À l’approche de la Coupe du monde féminine U20 Pologne 2026, les Amazones du Bénin entament une nouvelle phase de leur mise au point. Face à la presse ce dimanche, Abdoulaye Ouzérou a dévoilé le programme des prochaines semaines, marqué notamment par un stage de trois semaines en France.
Après plusieurs semaines de travail au Bénin, la sélection béninoise quitte le pays ce dimanche pour rejoindre la France. Cette étape doit permettre au staff technique de poursuivre les séances et surtout d’élever progressivement le niveau d’exigence à l’approche du rendez-vous mondial.
Le séjour français sera ponctué de trois à quatre rencontres. Les Amazones affronteront des clubs et des sélections, avec l’ambition de se mesurer à des adversaires de qualité. « Le but, c’était de trouver des adversaires avec un très bon niveau », a confié Abdoulaye Ouzérou. Ces différentes oppositions devraient permettre au technicien béninois d’avoir davantage d’enseignements sur les capacités de son équipe et d’apporter les derniers ajustements avant le départ pour la Pologne.
Pour leur première apparition dans un Mondial U20, les Amazones auront fort à faire dès la phase de groupes. Elles évolueront dans la poule A en compagnie de la Pologne, pays hôte, de l’Argentine et du Mexique. Si la sélection polonaise découvrira également cette compétition, les deux autres adversaires possèdent une expérience plus importante à ce niveau.
Le staff béninois travaille donc à mieux cerner les caractéristiques de chacune de ces équipes. Pour autant, Abdoulaye Ouzérou refuse de brûler les étapes. Il souhaite d’abord voir son équipe bien négocier ses trois sorties de poule avant de penser à une éventuelle qualification pour la suite.« L’idéal serait d’abord de penser aux trois premiers matchs, de bien négocier, de pouvoir sortir de l’épreuve », a expliqué le coach.
Pas question, cependant, de se présenter en Pologne dans la peau d’une simple participante. Le Bénin entend jouer pleinement sa chance. « L’objectif ne sera pas juste de participer. Il faut y aller avec des ambitions », a martelé Ouzérou.
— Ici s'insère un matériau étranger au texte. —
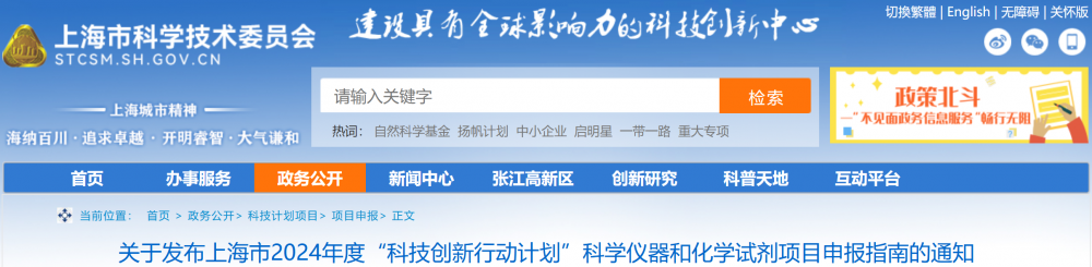 關于發布上海市2024年度科技創新行動計劃科學儀器和化學試劑項目申報指南的通知滬科指南
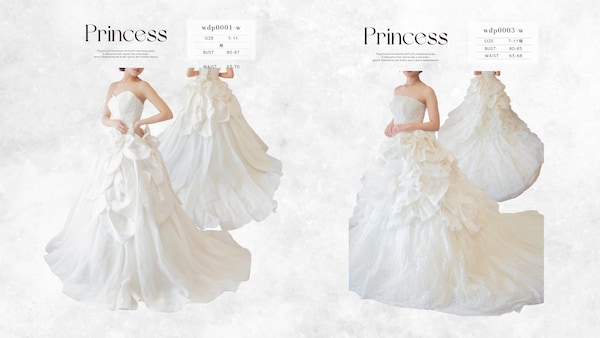 いずれも前撮り撮影を前提に、シルエットの見え方や素材感を重視してセレクトされている。

Parmi les arguments sur lesquels il compte s’appuyer figure la vitesse de ses attaquantes. Les prestations réalisées durant les éliminatoires ont déjà permis de mettre en évidence cette qualité offensive. Le staff devra désormais trouver les moyens de l’exploiter au mieux, tout en corrigeant les insuffisances relevées au fil des séances et des matchs.« C’est déjà un gros avantage d’avoir une attaque aussi rapide. C’est à nous de pouvoir profiter de cela », a souligné le technicien.
L’accompagnement psychologique occupe également une place dans le dispositif. Une psychologue suit les joueuses afin de les aider à mieux appréhender la pression liée à cette première expérience mondiale. L’exposition sur les réseaux sociaux constitue notamment un facteur que le staff ne veut pas négliger chez ces jeunes footballeuses.
Sur le plan administratif, les formalités liées au déplacement sont également réglées. Les visas ont été obtenus, permettant à la délégation de se concentrer désormais sur les derniers préparatifs.
Après le passage en France, les Amazones rejoindront la Pologne pour la dernière étape avant le début du tournoi, prévu en septembre. Entre les séances et les matchs de préparation, Abdoulaye Ouzérou dispose encore de quelques semaines pour façonner une équipe capable de relever le défi de cette première Coupe du monde.